Can I suggest that one of the reasons that we seem to be in this pickle is because of misunderstanding the point of an assessment. A good assessment does not start with trying to answer specifically whether or not a child has an ASD. Rather, a good assessment considers the child’s broader developmental context and makes hypotheses about a range of explanations for a child’s presentation, one of which might be ASD. It is this very issue that is being overlooked in ASD assessment today and one of the main reasons we are in this messy state. Professionals are becoming very good at looking at symptoms of ASD in isolation and assessing for them in isolation, thus throwing labels of ASD around. However, at the same time, people are losing their point of reference for what is typical development and what are other disorders or conditions that might better account for a child’s presentation eg Anxiety, AD/HD, other behaviour disorders, intellectual delay, other developmental disorders etc. It is the need to start broader and consider the overall developmental picture of the child that has resulted in Paediatricians, Psychiatrists or Psychologists/Clinical Psychologists) being considered until now as the main professional groups able to make diagnostic conclusions. The above skill set is part of their basic training and their daily work. Diagnosis requires thorough understanding of the main diagnostic manuals (eg DSM 5), how to use them and what are the other disorders and conditions listed within them that may account for the way a child presents. These skills do not form part of the training or daily work of Speech Pathologists or Occupational Therapists. As such, we should not be recommending that such professionals take up roles as diagnosticians with ASD.
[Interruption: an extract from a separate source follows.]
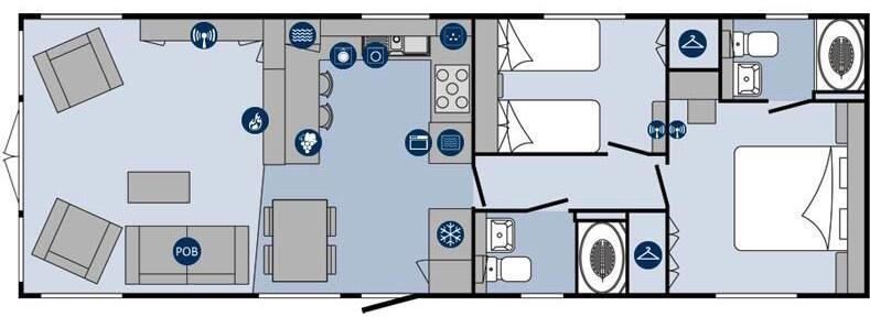 41' x 14' HOLIDAY PARK LODGE - MANUFACTURED IN 2018 - ON LICENCE UNTIL 2041 - 2 BEDROOMS (1 EN-SUITE) - TWO SEATING DECKS (1 SOUTH FACING) - HILL VIEWS

Also worth considering is the question of what further training Speech Pathologists and Occupational Therapists will undertake before we give them the “ASD diagnostician badge”? Who will set consistent standards for that training? Will a one-hour course suffice? Or is it a one-week course? Or is it working within a multidisciplinary team? Who will police this very important factor? Clearly that opens another can of worms.
Although in need of revision, the proposed guidelines do have some significant strengths. Some notable contributions include:

    1. ‘ASD assessment’ requiring both a diagnosis and information about functional impairments in order to make better recommendations for support for families.I think that giving families clearer directions about where best to start with individualised intervention for their child is most welcome.
    2. A ‘tiered process’ of assessment to try and increase efficiency in assessing individuals where the diagnosis of ASD is extremely obvious vs when it is more complicated.I think reducing strain on scarce health resources and trying to speed up access to support for those in rural and remote areas is also welcome.
    3. The description of a range of additional considerations that are known to have impact on the ASD assessment eg age, gender, intellectual capacity, cultural/linguistic background, differential diagnoses and co-occurring conditions etc.These are helpful in ensuring clinicians cover all bases and the assessment process is thorough. But they should not replace professional training by providing some kind of checklist for professional groups whose skill set is not diagnosis in the first instance!

Please submit feedback on the portal. Now is the time to act if you are unhappy about the proposed roles of diagnosticians in the assessment process. There is a section on the portal specifically entitled “ASD Assessment Roles” where you can tick the relevant box to highlight that this is your particular concern. I’ve certainly noted my concerns there. I’d strongly encourage others to do the same. At the end of the day it is families who will suffer if we don’t sort this out.